You’ll hear us often recommend that a first step in calming a high-energy dog is to give him an outlet to burn off energy. A tired dog is a good dog. But, how much exercise do dogs need? How much exercise is too much?

The amount of exercise dogs need depends on your dog’s age, size, breed, and overall health. Younger dogs and puppies tend to require more physical activities; as dogs age, their activity levels lessen. If you’re trying to figure out the best exercise routine for your dog (and maybe for you too?), we’ve broken down experts’ recommendations for physical stimulation by breed types.

Always talk to your veterinarian about the best exercises for your specific dog, whether it’s walking, fetching, swimming, running or other healthy activities you can do together. Ask your veterinarian if your dog has any physical limitations, such as hip dysplasia, a condition that commonly affects larger dog breeds, as well as midsize dog breeds including pugs and bulldogs.

High Energy Dog Breeds

Some dog breeds tend to be innately more active than others. This can be traced back to their ancestry and the reasons they were bred — breeds like shepherds were bred to work on farms, so they tend to be higher energy. So, if you have one of these breeds or a mixed breed with ancestry that tracks back to one of these breeds, you’ll want to arrange a lot of exercise for them.

If you’re considering adopting a new dog and researching the best breeds for apartments or small spaces, the following list might not be the best match, especially if you don’t have a yard where they can run free and burn energy.

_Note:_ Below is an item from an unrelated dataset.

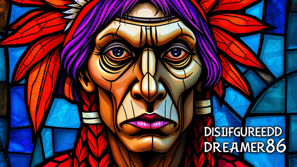 Vibrant azure and scarlet stained glass mosaic of a warped North American Indian portrait, digital mutation resulting in disfigured, elongated face with crossed and wonky eyes, excessive orange locking hair, iridescent skin with tawny undertones, extruded fingers, mutated hands, distorted, disfigured, cross-eyed, lazy eyes, vibrant purple streaked hair, superimposed low-res pixelated clone, watermarked with a grotesque, distorted, crude drawn logo, letters from 'disfigureddreamer86' in a twisted, irregular font, images overlapping, and in need of repair and resolution boost to its 8K resolution with HDR, overly sharp, cartoonish, cut-off, cropped, poorly lit, low-res high-contrast image of a Native American in a digitally mutated state, warped, with a hauntingly broken, ghostly aura surrounding their image, superimposed, distorted, logo, text and symbols at the bottom right, logo distorted to fit horizontally
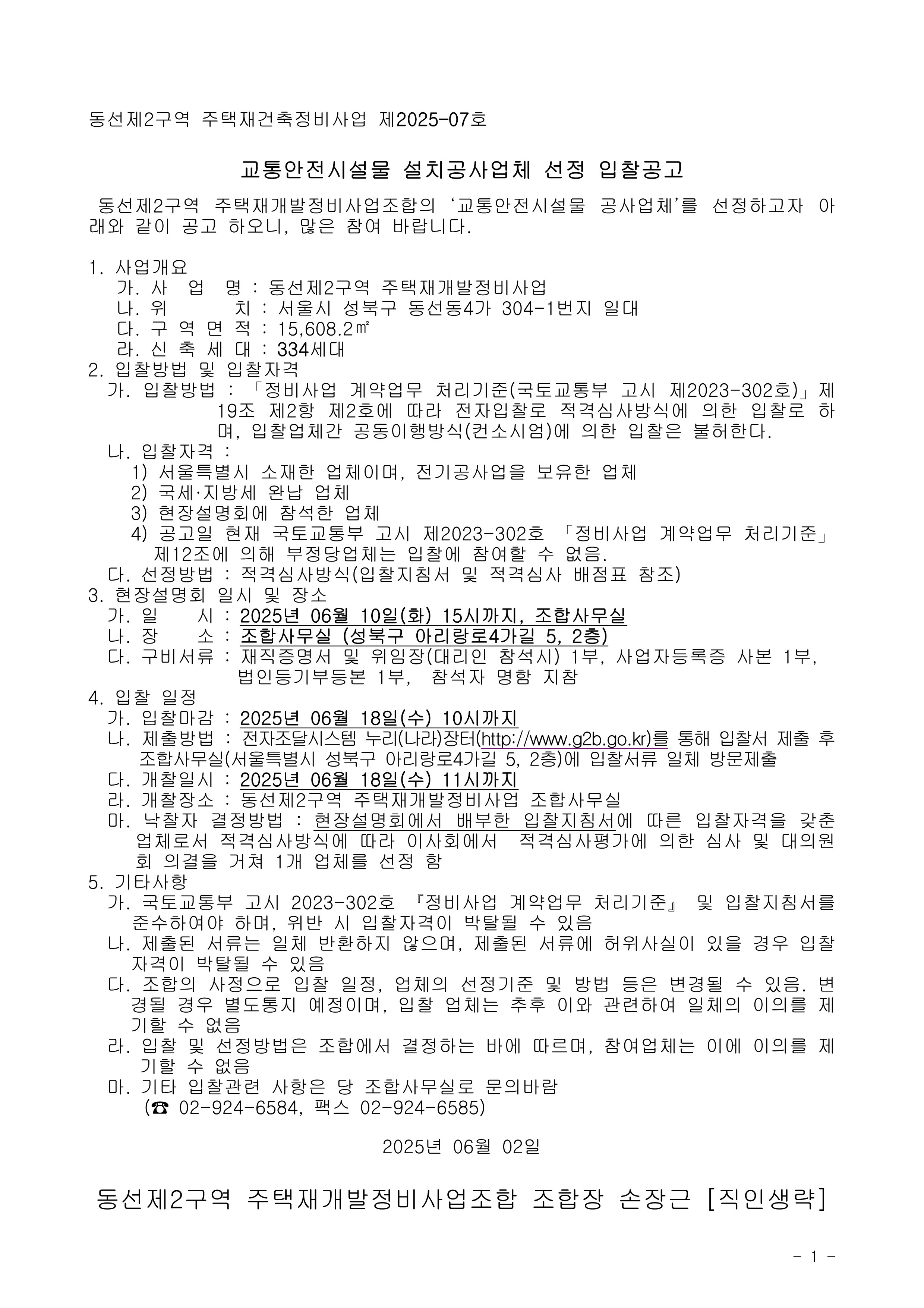 추진위원회/조합명 : 동선제2구역 주택재개발정비사업조합

The American Kennel Club lists the following breeds among their list of high-energy dogs. You’ll note that a lot of them fall into the working, herding, and sporting groups of dog breeds.

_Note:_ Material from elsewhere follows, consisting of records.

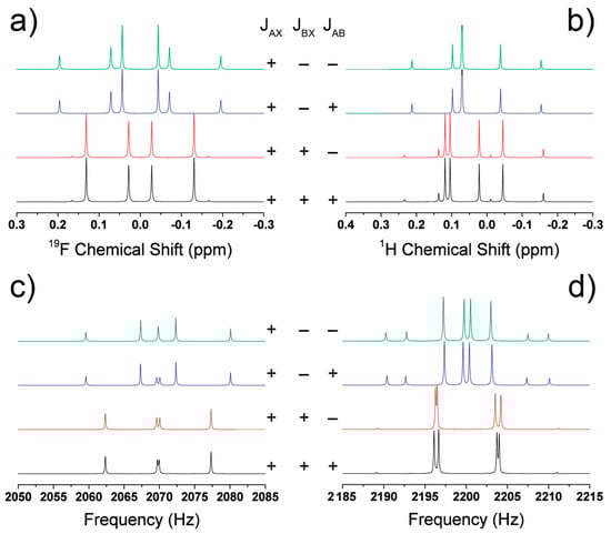 Here, m is the sum of the spins of all X nuclei, and m can have values of ±1/2. In this system, only the relative signs of JAX and JBX can be established, since Cm depends on the value (JAX−JBX). On the other hand, the JAB term is always squared and will have the same relation to JAX and JAB, regardless of the relative sign of JAB. At LF, the same ABX system assumes one or both A and B are in the strongly coupled heteronuclear regime, which transforms into an equivalent ABC system. As was demonstrated by Alexander, the relative signs of the ABC system can be determined [63]. In this spin system, 15 transitions are theoretically observable, although only 12 to 14 are typically reported in the literature [63,64]. To illustrate this point, the JCS and high field spectra were simulated for the ABX (C) system in which spins AB were strongly coupled at high field and spins ABC were strongly coupled at LF (Figure 10). Each spectrum was simulated with three J-couplings (JAB, JAX, and JBX), whose relative signs were changed between each simulation. There are four unique sign combinations for these systems. As Figure 10 demonstrates, at high field (Figure 10a,b), only the relative signs of JAX and JBX may be determined, as the black (+ + +) and red (+ + −) spectra are equivalent, as were the blue (+ − +) and green (+ − −) spectra. However, at LF (Figure 10c,d), all three signs may be determined, as each spectrum is distinct for each sign combination. Therefore, for the same molecule analyzed at high field and LF, the LF spectrum allows determination of the relative signs for all coupled nuclei as long as the total spin system contains more than two spins, whereas coupling sign determination at high field requires a strong homonuclear J-coupling.
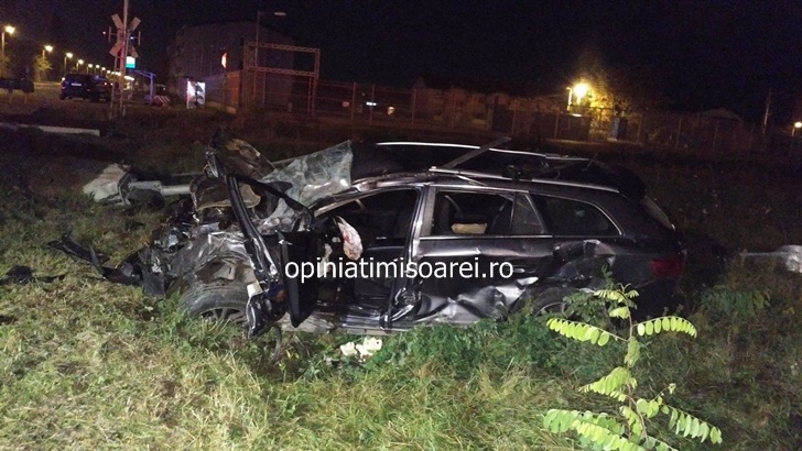 TIMISOARA. S-a dat alarma inainte in puterea noptii la numarul de urgenta 112, dupa ce un accident violent s-a produs la o trecere de cale ferata de langa Timisoara. O masina a lovit cu putere un tren aflat in mers. 3 oameni au fost grav raniti si e o minune ca au scapat cu viata.
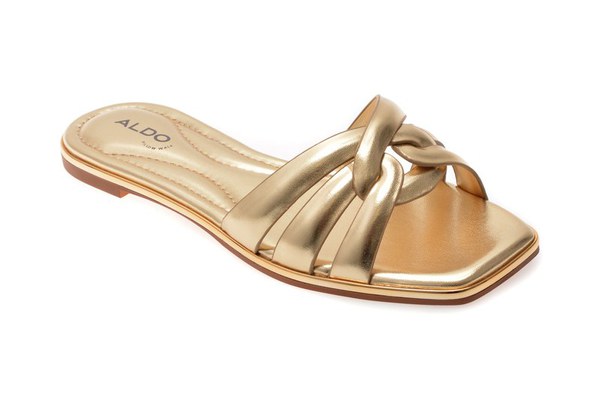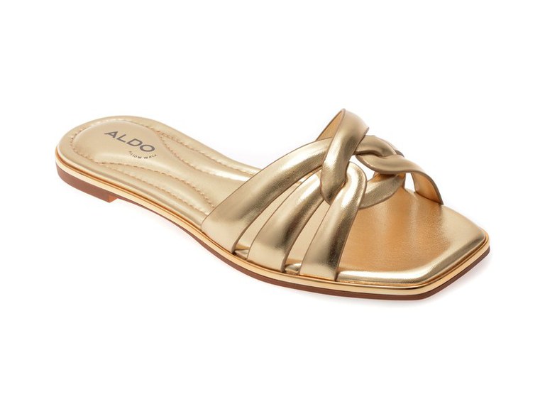 Papuci ALDO aurii, AUGUSTYA 710, din piele ecologica , Pentru: Femei , Brand: Aldo , culoare: Auriu , Material exterior: Piele ecologica , Material talpa: pvc , Tip inchidere: Slip-on . Livrare gratuita pentru comenzile de peste 299 RON acasa si in locker. Retur gratuit de acasa sau in locker.

High-energy dogs should get 60 to 90 minutes of rigorous exercise a day, and you can split this up into two or three separate play sessions. A 20-minute walk before you head off to work, followed by an afternoon tug-of-war session might be enough to help these breeds burn pent-up energy.

Sometimes you need a break from endless rounds of tug-of-war and fetch. This toy suctions to your floor, so your dog can play on his or her own.

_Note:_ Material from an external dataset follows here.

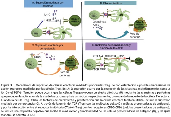 Se han propuesto diferentes mecanismos de acción por los cuales las células Treg median la supresión de las células efectoras (fig. 3); dentro de los principales están: a) un mecanismo dependiente de las citocinas, especialmente de la IL-10 y del TGF-p, en el que los factores solubles con características antiinflamatorias tienen una acción directa sobre la población de las células T efectoras, o bien un efecto inhibidor sobre las células presentadoras de antígeno, induciendo de esta manera una respuesta tolerogénica; b) un mecanismo de eliminación por medio de la vía de las granzimas-perforinas; c) un mecanismo de competencia, en el que las células Treg consumen los factores de crecimiento y supervivencia tales como la IL-2, que induce a la apoptosis de la población de las células efectoras, así como a la interferencia en sus mecanismos de activación; y, finalmente, d) un mecanismo dependiente del contacto celular, a través de la unión del CTLA-4 o el CD28 con sus ligandos CD80 y CD86.

While we’re talking about playtime for dogs, have you seen our dog toy that suctions to a hard floor? We designed it to challenge dogs and keep them busy while their owners focus on other things!

Low-Exercise Dog Breeds

Some dog breeds require less activity, which might include breeds that fall under the AKC label of “calm” dog breeds. Even though these dog breeds might be lower energy than herders, retrievers, and shepherds, they still require some physical and mental stimulation every day. Just like us, dogs need regular exercise to stay healthy.

Toy breeds and giant breeds tend to require less exercise, but again, check with your veterinarian for the best exercise plan for your dogs.

  • Basset hound
  • Bergamasco sheepdog
  • Biewer terrier
  • Boerboel
  • Bolognese
  • Cavalier King Charles spaniel
  • French bulldog
  • Pekingese
  • Pyrenean mastiff
  • Slovensky Cuvac
  • Romanian Mioritic shepherd dog
  • Tibetan spaniel

Smaller breeds and older dogs benefit from about 60 minutes of play every day. Break it into two or three shorter sessions. Take a 20-minute walk in the morning, a mid-day round of ball chasing, and an early evening walk in the neighborhood.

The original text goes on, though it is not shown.